§ Assignment
Write out the entries exactly, leaving out every picture.

### Extracted records ###

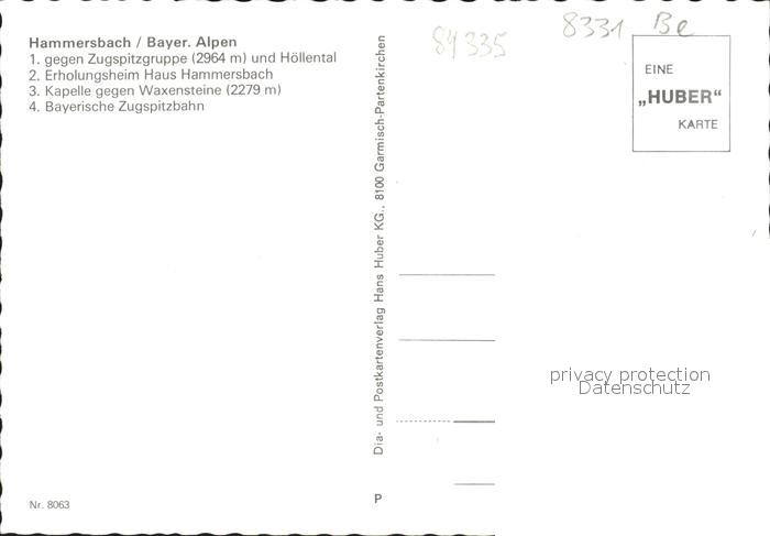 72142610 Hammersbach Grainau Erholungsheim Haus Hammersbach Kapelel Waxensteine Zugspitzbahn postalisch nicht gelaufen Erhaltung siehe scans KatCode: 11110009180118
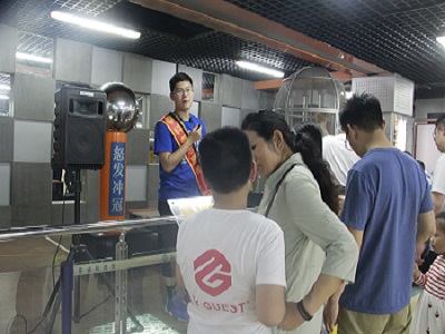 上午七点二十分,志愿者们准时到达新西门,乘车前往山东省科技馆。志愿者们为方便工作开展,到达地点后首先熟悉工作环境,随后工作人员为每个人分配工作,12人分为四组,负责不同的楼层和工作。工作人员还强调了工作时的注意事项,比如不能玩手机,牢记换班时间,认真工作等等,充分体现了工作的严肃性。九点左右,工作正式开始,每个人都到达自己的岗位。由于科技馆小孩居多,电梯旁站岗的同学时刻注意来往行人,确保安全,一刻也不敢松懈。4D电影售票处也渐渐忙碌,志愿者们耐心地为大家讲解着各种电影,来帮小朋友和家长找到适合的电影。在二楼展厅有着各式各样的科技,志愿者们向小朋友及家长进行了高压放电演示,还为大家讲解了因“摩擦起电”而发生的有趣的科学现象“怒发冲冠”,引来大家一阵阵惊叹。种种有趣的现象带给大家的除了笑声,还有对科技产生的浓厚兴趣和更深层次的理解,让大家明白科学技术并非遥不可及,而是与生活息息相关的。而大家在科技馆的一天也在欢声笑语中度过。
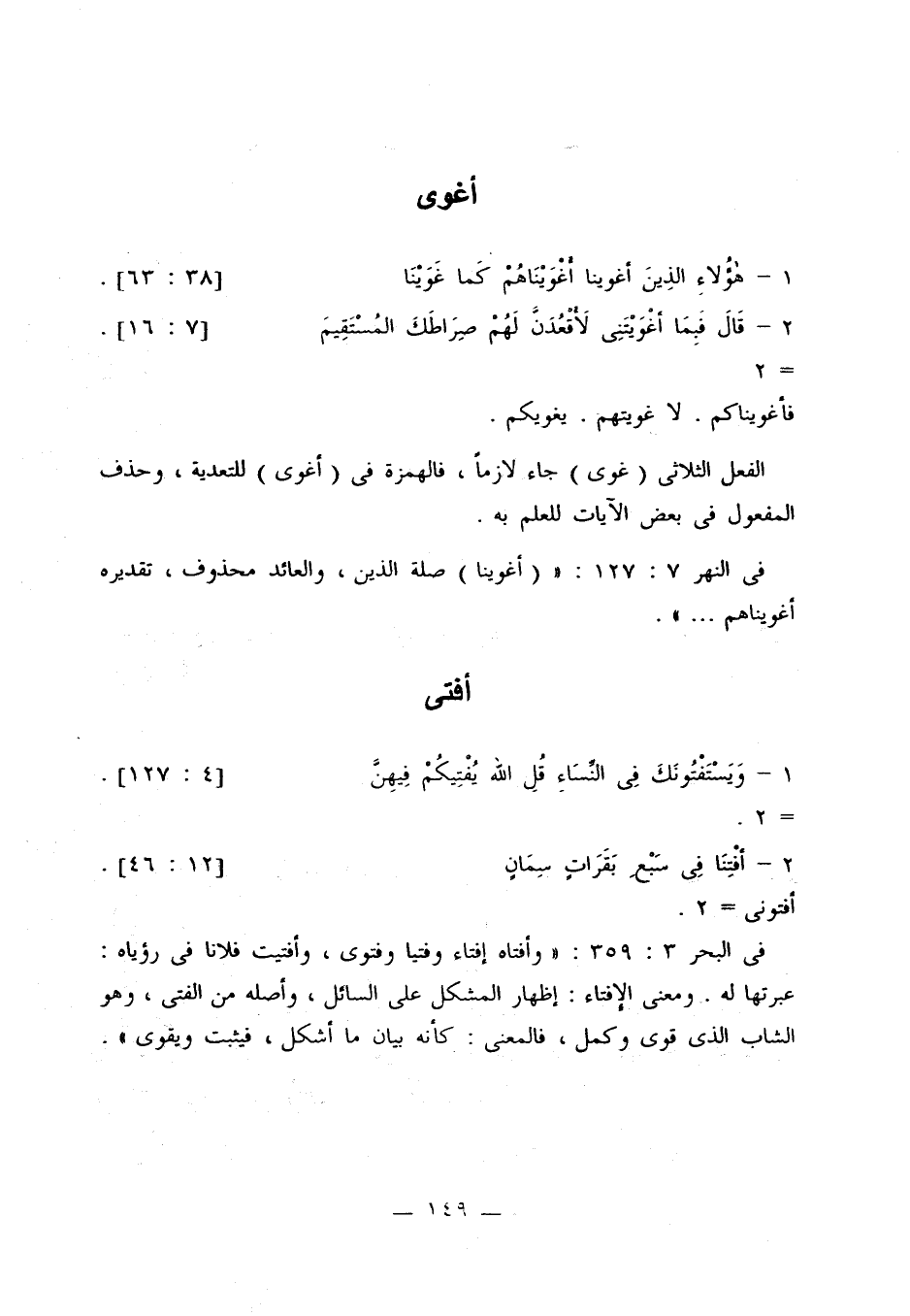 في البحر 3: 359: «وأفتاه إفتاء وفتيا وفتوى، وأفتيت فلانا في رؤياه: عبرتها له. ومعنى الإفتاء: إظهار المشكل على السائل، وأصله من الفتى، وهو الشاب الذي قوى وكمل، فالمعنى: كأنه بيان ما أشكل، فيثبت ويقوى».
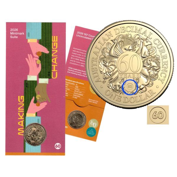 - Official Royal Australian Mint 2026 $1 coin with the special 60th Anniversary decimal currency reverse
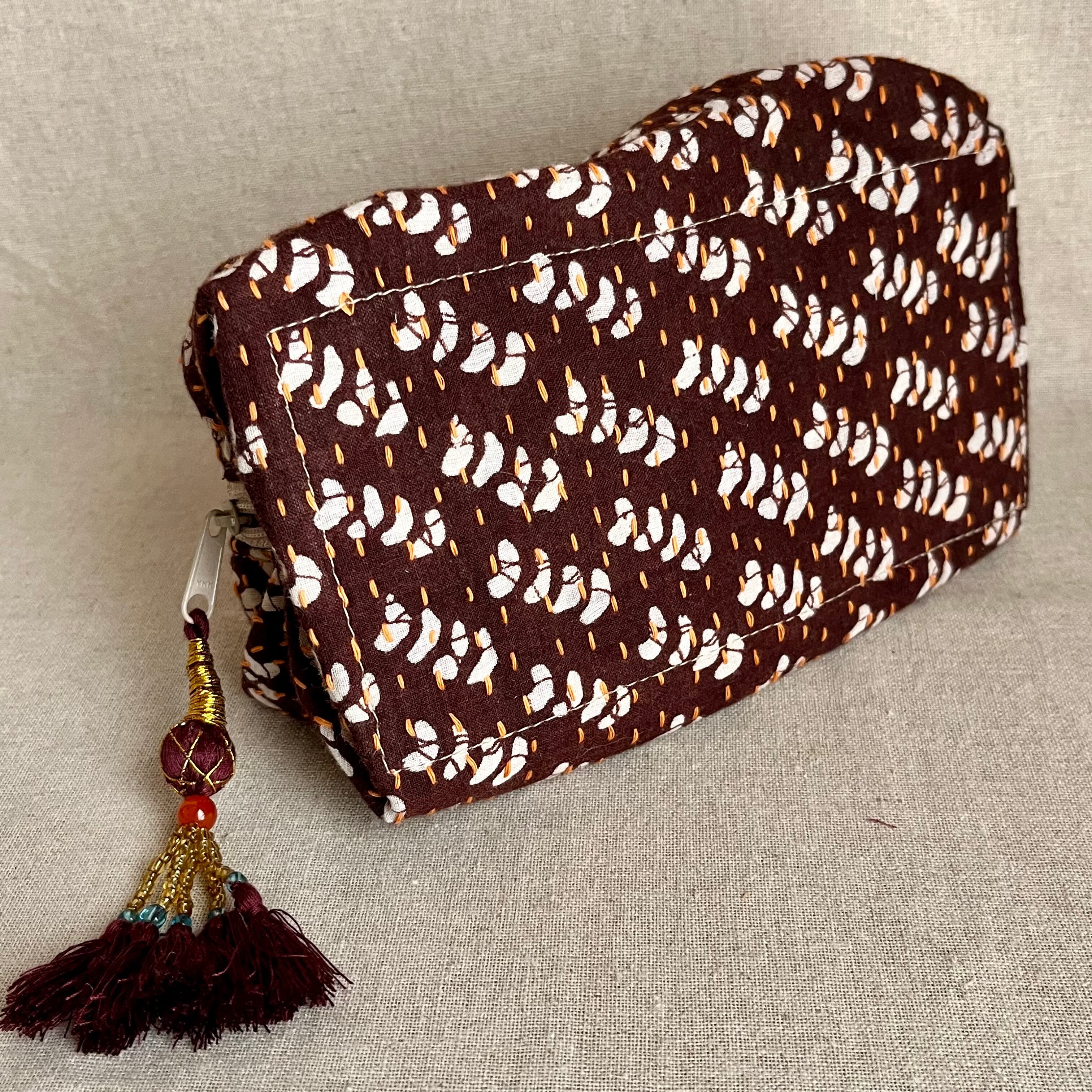 ③リサイクルサリー キャラメルポーチ ガラスビーズのタッセル付き ブラウン系
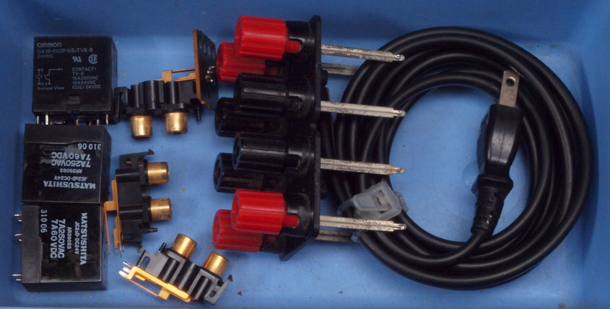 右=交換する接点容量10Aのリレー、8Ω出力だと800W定格
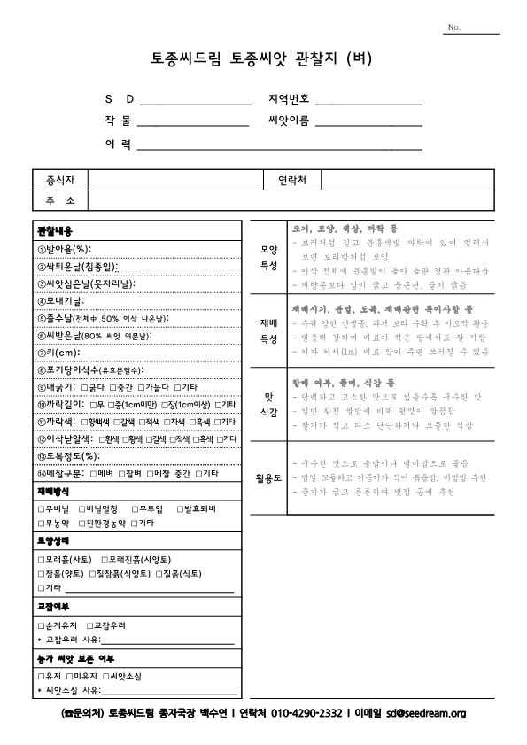 토종씨드림에서 제공하는 토종벼 관찰 기록지 2종 공유합니다.
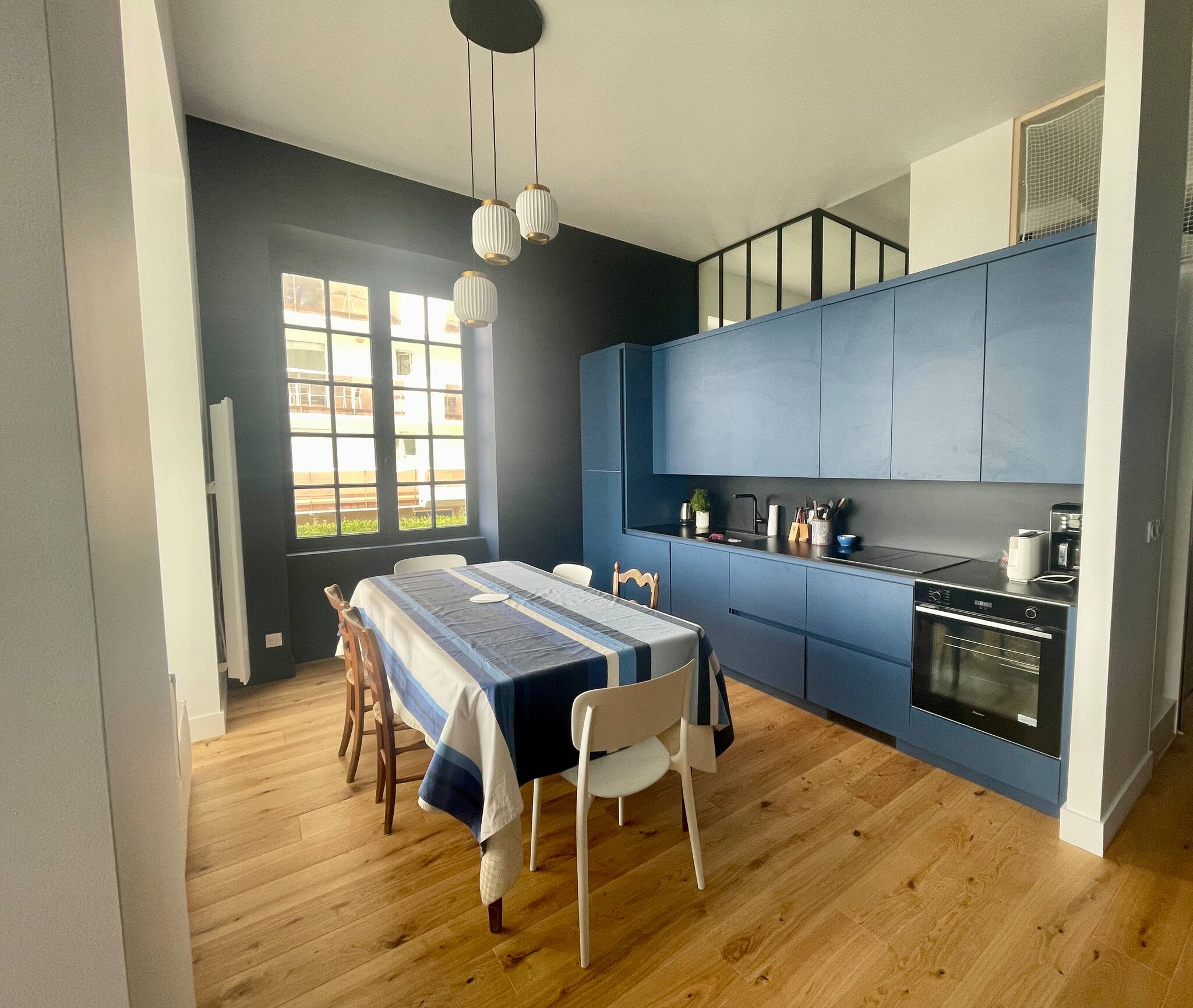 From the entrance of the accommodation you access the living area consisting of a fitted and equipped kitchen open to the living space overlooking Avenue Lajarrige.
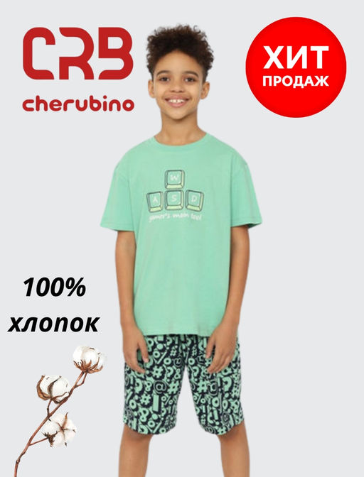 CRB wear/CSJB 50166-37 Пижама для мальчика (футболка, шорты),зеленый/Ex.Cherubino

###

§ Response
 72142610 Hammersbach Grainau Erholungsheim Haus Hammersbach Kapelel Waxensteine Zugspitzbahn postalisch nicht gelaufen Erhaltung siehe scans KatCode: 11110009180118
 上午七点二十分,志愿者们准时到达新西门,乘车前往山东省科技馆。志愿者们为方便工作开展,到达地点后首先熟悉工作环境,随后工作人员为每个人分配工作,12人分为四组,负责不同的楼层和工作。工作人员还强调了工作时的注意事项,比如不能玩手机,牢记换班时间,认真工作等等,充分体现了工作的严肃性。九点左右,工作正式开始,每个人都到达自己的岗位。由于科技馆小孩居多,电梯旁站岗的同学时刻注意来往行人,确保安全,一刻也不敢松懈。4D电影售票处也渐渐忙碌,志愿者们耐心地为大家讲解着各种电影,来帮小朋友和家长找到适合的电影。在二楼展厅有着各式各样的科技,志愿者们向小朋友及家长进行了高压放电演示,还为大家讲解了因“摩擦起电”而发生的有趣的科学现象“怒发冲冠”,引来大家一阵阵惊叹。种种有趣的现象带给大家的除了笑声,还有对科技产生的浓厚兴趣和更深层次的理解,让大家明白科学技术并非遥不可及,而是与生活息息相关的。而大家在科技馆的一天也在欢声笑语中度过。
 في البحر 3: 359: «وأفتاه إفتاء وفتيا وفتوى، وأفتيت فلانا في رؤياه: عبرتها له. ومعنى الإفتاء: إظهار المشكل على السائل، وأصله من الفتى، وهو الشاب الذي قوى وكمل، فالمعنى: كأنه بيان ما أشكل، فيثبت ويقوى».
 - Official Royal Australian Mint 2026 $1 coin with the special 60th Anniversary decimal currency reverse
 ③リサイクルサリー キャラメルポーチ ガラスビーズのタッセル付き ブラウン系
 右=交換する接点容量10Aのリレー、8Ω出力だと800W定格
 토종씨드림에서 제공하는 토종벼 관찰 기록지 2종 공유합니다.
 From the entrance of the accommodation you access the living area consisting of a fitted and equipped kitchen open to the living space overlooking Avenue Lajarrige.
 CRB wear/CSJB 50166-37 Пижама для мальчика (футболка, шорты),зеленый/Ex.Cherubino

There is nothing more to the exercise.